World’s longest season

Is it just me or has baseball season gotten a little too long? Don’t get me wrong, it’s my second favorite sport, but any sport that overlaps another’s season on both sides might be getting a little big for its britches. Now, I know it’s America’s pastime but please, let’s be reasonable. It starts and ends in hockey season.

I’m sorry league, but if you’re a sport not meant to be played in inclement weather, don’t start the season when it’s snowing outside. It seems like a no-brainer to me, but then again, what do I know? Having regular season games in March is asking for trouble.

And it’s not like the long season hurts attendance or anything.
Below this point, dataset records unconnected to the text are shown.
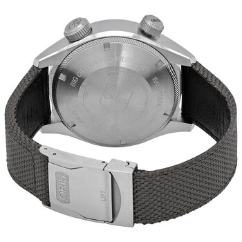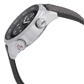 Silver-tone stainless steel case with a black fabric strap. Fixed silver-tone stainless steel bezel. Black dial with silver-tone hands and index-Arabic numeral hour markers. Altimeter scale around the outer rim. Dial Type: Analog. Luminescent hands and markers. Date display at the 3 o'clock position. Sellita Caliber SW200 Automatic movement, containing 26 Jewels, bitting at 28800 vph, and has a power reserve of approximately 38 hours. Scratch resistant sapphire crystal. Screw down crown. Solid case back. Round case shape, case size: 47 mm, case thickness: 17.7 mm. Band width: 23 mm. Deployment clasp. Water resistant at 100 meters / 330 feet. Functions: date, hour, minute, second. Big Crown Pro Pilot Altimeter Series. Casual watch style. Watch label: Swiss Made. Oris Big Crown Pro Pilot Altimeter Automatic Black Dial Men's Watch 01 733 7705 4134-07 5 23 15FC.
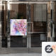 Artistically drawn, branch of pink, cherry blossoms on picturesque, textured background, painted over with white, pink and blue paint. Pink Sakura
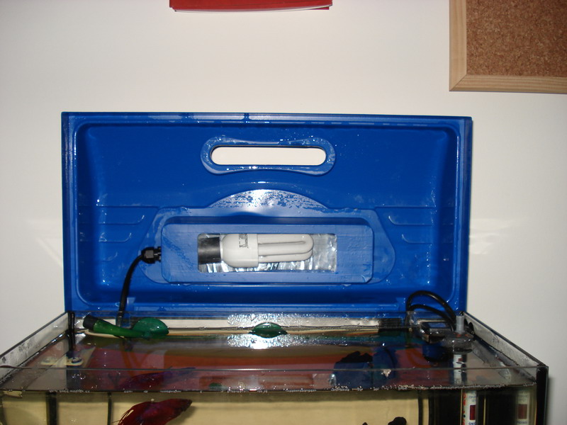 παιδιά στο ενυδρειο με τον μονομάχο μου έχω πρόβλημα με τον φωτισμό και θα ήθελα να με βοηθήσετε να βρω καμιά πατέντα για το καπάκι για να μπορέσει να μπει μια σωστή λάμπα στέλνω και φώτο από το καπάκι.37*17cm τι μπορώ να κάνω?αυτήν την στιγμή έχω μια οικονομίας 11w ( ανεπαρκείς) γιατί οι κοινές λάμπες καίνε το πλαστικό
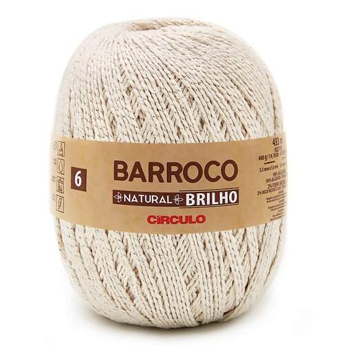 O Barroco Natural Brilho é o tradicional Barroco Natural, com detalhe de um lindo fiozinho de brilho ouro. Barroco Natural é um fio 100% algodão puro, sem processos químicos, desenvolvido especialmente para a base de trabalhos manuais. Diferente dos barbantes comuns, possui toque e maciez incomparável, que garante uma durabilidade muito maior às suas artes manuais.

Sports fans are becoming more and more disinterested in baseball but I’m sure that it has nothing to do with the length of a season. Plus, everyone knows we love sitting outside when it’s cold and raining. Just look at football.

But in all seriousness, everyone knows that attendance (in some areas more than others) is dropping. I don’t know if increasing the length of the season is a really in the best interest of the league.

Think about it, if you were looking to do something one night, going to a game or going to a party, if you have another 150 games to catch, it doesn’t matter if you miss one or two. You’re going to go to the party, and so will everyone else who enjoys the sport of baseball.

With more than 160 games in a season, and games practically every day of the week for sixth months straight, following a team becomes less fun and more work.

That’s why you’re seeing more people who follow less regularly. And I’m getting to that point as well. I mean, why bother watching the first 50 games? They really won’t have too much of an impact on the season. If I can pick up the scores on Baseball Tonight or SportsCenter it really saves a lot of time.

Fans have become overexposed to baseball. Games are no longer giant events that fans look forward to, they are everyday occurrences that don’t seem to matter much. They have lost the appeal and excitement that they used to have. They aren’t as important so they don’t feel as important.

Baseball is really hurting itself with the long schedules. If the teams want more revenue, play fewer games and fill the seats. Adding more games for nobody to come see isn’t going to help out much. Baseball has been in trouble these last couple of seasons, alienating fans on a regular basis. Hopefully, for the sake of America’s pastime, the league will pull its act together soon.